Before discussing the problems lets first introduce the ways of replication:

  1. Sync replication (STRONG Consistency) The Leader says OKAY to the client after replicating the data on all the followers. So any time you read the data you will get the latest update.
  2. Async replication (Eventual Consistency) The Leader says OKAY to the client after writing the data to himself, after that it starts sending the data to the followers.

Problems of using Sync way: very slow if one of the followers is really slow the whole operation will be slow too. If one of the followers is down the whole system stuck and the leader waits forever waiting for the response from that follower.

Problems of using Async way: The leader writes data to himself then failed. how the data will be propagated then to other node ? This problem happens only when the Async way is used (it’s reasonable), the leader responds to the client in SYNC way only when all replicas are updated. So when the leader fails after updating himself this will cause data loss, even after a new leader elected the updated data totally goes away as long as the prev leader is down.

What happens when the leader goes down ?

The distributed system algorithm (Paxos or Raft …) detects that and a new leader is elected from the followers.

Another problem is about inconsistency, user read from different replicas may see inconsistent data maybe because the leader goes down before update the replicas or the replicas still not updated yet. (It’s async so there may be some delay)

Which replication way is used ?

leader-based replication is configured to be completely asynchronous.

There are different methods or algorithms used for data replication:

  1. SBR statement based replication
  2. WAL write ahead log
  3. logical replication (row-based)

SBR (MySql) update yourself, write the sql query to the log file and use this logs to update the other nodes by running the same sql query. Simple implementation best used for heavy read systems Cons: causes inconsistencies (Update Task Set Created_At = GETDATE()) this query has different results on the different machiens.

WAL (Postgres, Oracle) write the transaction result (the result itself not any thing else) to a transactional log file and write the log file into disk then update your self, and send this log file to replicas. (take care the log file first need to confirmed written into the disk before the leader even can update himself) That saves the case when the leader goes down, if the leader writes the results into the logs then died, he will reapply them when come back just copying the results into the desk . if not write anything on the logs file, no problem at all (no data corruption).

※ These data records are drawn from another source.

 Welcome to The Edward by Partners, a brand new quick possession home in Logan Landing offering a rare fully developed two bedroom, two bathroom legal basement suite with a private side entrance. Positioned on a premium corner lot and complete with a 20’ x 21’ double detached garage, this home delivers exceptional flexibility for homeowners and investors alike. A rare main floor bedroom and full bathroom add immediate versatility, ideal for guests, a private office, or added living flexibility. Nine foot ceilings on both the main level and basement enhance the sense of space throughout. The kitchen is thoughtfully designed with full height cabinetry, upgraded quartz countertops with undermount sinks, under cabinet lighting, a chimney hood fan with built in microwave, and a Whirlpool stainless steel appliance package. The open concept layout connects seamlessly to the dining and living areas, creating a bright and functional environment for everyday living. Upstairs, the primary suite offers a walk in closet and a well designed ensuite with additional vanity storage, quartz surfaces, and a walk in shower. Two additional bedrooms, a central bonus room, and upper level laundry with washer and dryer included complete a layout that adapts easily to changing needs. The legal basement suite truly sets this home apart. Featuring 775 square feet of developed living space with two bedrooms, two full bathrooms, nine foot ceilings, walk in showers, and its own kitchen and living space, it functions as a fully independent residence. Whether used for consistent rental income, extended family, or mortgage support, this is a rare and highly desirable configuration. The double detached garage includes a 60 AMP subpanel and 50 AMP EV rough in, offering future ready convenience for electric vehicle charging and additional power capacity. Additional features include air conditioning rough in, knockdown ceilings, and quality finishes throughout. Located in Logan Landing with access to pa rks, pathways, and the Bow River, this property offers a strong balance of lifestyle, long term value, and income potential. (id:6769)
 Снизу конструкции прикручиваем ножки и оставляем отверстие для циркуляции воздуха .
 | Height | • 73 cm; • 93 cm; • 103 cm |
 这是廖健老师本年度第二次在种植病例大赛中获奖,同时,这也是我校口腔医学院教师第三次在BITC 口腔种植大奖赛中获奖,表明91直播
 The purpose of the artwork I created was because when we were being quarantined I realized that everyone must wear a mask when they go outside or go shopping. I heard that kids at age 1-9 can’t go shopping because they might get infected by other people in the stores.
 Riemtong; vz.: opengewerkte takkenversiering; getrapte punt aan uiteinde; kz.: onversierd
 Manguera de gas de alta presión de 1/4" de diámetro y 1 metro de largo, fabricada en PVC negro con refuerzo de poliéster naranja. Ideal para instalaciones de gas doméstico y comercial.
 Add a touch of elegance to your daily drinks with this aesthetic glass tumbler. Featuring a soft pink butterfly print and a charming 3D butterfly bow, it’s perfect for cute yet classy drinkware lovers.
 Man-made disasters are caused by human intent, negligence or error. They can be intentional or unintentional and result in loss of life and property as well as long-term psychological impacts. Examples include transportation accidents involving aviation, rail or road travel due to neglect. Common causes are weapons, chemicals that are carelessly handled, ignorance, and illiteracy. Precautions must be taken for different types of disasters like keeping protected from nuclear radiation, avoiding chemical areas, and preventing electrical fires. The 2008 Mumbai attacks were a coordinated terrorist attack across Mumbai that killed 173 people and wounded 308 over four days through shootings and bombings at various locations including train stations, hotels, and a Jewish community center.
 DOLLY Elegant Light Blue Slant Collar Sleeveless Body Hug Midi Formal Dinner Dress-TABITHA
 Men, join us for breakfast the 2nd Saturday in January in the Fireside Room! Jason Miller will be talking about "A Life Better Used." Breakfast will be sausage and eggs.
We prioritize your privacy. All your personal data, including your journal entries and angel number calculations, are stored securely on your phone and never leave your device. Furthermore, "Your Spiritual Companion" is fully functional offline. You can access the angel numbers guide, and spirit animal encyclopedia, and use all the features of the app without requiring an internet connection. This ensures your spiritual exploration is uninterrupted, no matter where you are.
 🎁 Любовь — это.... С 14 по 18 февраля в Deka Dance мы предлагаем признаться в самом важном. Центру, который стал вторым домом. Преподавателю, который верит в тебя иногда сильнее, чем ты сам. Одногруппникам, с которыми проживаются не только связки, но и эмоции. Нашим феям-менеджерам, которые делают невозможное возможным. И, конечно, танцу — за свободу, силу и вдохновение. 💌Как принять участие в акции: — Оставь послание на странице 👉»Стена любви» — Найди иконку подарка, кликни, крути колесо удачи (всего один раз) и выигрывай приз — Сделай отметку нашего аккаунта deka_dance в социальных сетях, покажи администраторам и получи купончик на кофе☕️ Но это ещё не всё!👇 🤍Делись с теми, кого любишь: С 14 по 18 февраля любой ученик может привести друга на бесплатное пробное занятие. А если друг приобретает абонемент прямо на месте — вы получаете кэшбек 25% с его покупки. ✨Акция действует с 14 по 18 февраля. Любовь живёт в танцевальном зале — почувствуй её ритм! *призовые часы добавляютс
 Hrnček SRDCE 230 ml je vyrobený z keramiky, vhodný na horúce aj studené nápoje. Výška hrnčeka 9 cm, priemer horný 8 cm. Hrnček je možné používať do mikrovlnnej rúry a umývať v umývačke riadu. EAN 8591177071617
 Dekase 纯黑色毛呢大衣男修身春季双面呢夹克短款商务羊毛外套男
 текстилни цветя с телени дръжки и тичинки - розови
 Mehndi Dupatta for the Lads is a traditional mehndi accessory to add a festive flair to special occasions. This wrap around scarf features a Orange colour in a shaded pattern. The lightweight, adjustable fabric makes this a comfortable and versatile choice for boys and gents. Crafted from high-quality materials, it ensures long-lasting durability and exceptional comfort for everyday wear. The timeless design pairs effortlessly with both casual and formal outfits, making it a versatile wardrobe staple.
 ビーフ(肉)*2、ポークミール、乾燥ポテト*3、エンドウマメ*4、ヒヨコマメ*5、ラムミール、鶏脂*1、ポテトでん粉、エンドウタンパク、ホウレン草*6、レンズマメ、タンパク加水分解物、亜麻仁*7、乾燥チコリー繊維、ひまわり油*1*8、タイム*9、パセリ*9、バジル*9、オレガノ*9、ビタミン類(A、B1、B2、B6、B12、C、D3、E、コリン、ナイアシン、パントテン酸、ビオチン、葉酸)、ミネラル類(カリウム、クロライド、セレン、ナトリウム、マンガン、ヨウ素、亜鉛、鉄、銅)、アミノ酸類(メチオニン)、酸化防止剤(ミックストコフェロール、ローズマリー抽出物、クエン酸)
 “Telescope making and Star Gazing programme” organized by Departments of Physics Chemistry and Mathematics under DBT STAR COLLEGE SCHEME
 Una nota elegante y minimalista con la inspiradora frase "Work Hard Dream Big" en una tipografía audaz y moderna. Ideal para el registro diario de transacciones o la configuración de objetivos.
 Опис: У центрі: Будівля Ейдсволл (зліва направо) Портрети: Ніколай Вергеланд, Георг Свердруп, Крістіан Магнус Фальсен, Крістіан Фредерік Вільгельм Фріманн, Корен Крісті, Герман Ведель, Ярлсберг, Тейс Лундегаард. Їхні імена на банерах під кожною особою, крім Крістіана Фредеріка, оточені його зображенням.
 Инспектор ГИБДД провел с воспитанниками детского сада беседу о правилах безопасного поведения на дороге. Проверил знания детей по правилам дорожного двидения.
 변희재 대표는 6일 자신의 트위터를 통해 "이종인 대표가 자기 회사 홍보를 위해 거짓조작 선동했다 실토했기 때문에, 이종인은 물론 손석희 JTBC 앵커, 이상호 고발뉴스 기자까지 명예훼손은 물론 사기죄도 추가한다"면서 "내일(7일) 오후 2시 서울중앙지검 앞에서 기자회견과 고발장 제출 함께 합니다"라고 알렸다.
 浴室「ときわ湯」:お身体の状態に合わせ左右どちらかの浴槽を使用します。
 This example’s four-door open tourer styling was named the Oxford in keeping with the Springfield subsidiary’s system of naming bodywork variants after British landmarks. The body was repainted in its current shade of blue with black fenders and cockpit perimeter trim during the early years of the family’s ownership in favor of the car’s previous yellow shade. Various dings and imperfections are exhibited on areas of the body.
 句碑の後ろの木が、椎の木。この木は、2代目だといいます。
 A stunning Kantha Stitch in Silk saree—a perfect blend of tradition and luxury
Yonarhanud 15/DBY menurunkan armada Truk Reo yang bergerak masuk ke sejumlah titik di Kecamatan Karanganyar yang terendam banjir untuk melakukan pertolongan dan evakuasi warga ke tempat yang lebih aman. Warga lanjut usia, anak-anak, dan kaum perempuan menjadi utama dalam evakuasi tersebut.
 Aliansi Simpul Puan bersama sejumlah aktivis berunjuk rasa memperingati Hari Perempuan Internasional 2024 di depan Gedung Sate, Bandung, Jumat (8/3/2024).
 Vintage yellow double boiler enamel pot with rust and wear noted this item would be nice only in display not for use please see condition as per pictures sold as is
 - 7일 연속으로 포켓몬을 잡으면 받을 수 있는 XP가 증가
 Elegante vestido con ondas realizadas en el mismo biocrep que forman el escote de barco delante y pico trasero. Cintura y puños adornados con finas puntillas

somehow difficult to implement compared to SBR No sql queries to be executed on replicas just copying the actual data from the logs file into their disks.

To summarize: Unlike SBR, WAL maintains transactional logs instead of SQL statements in a log file, ensuring consistency when dealing with nondeterministic functions. Writing to disk also aids in recovery in case of crash failures. The drawback of WAL is its tight coupling with the inner structure of the database engine, making software upgrades on the leader and followers complicated.

Logical: Unlike WAL, Instead of replicating the actual physical changes made to the database, this approach captures the operations in a logical format and then executes them on secondary nodes.

If an insert or update happens to the leader, the affected row with all its columns values will be captured and applied to the secondary nodes.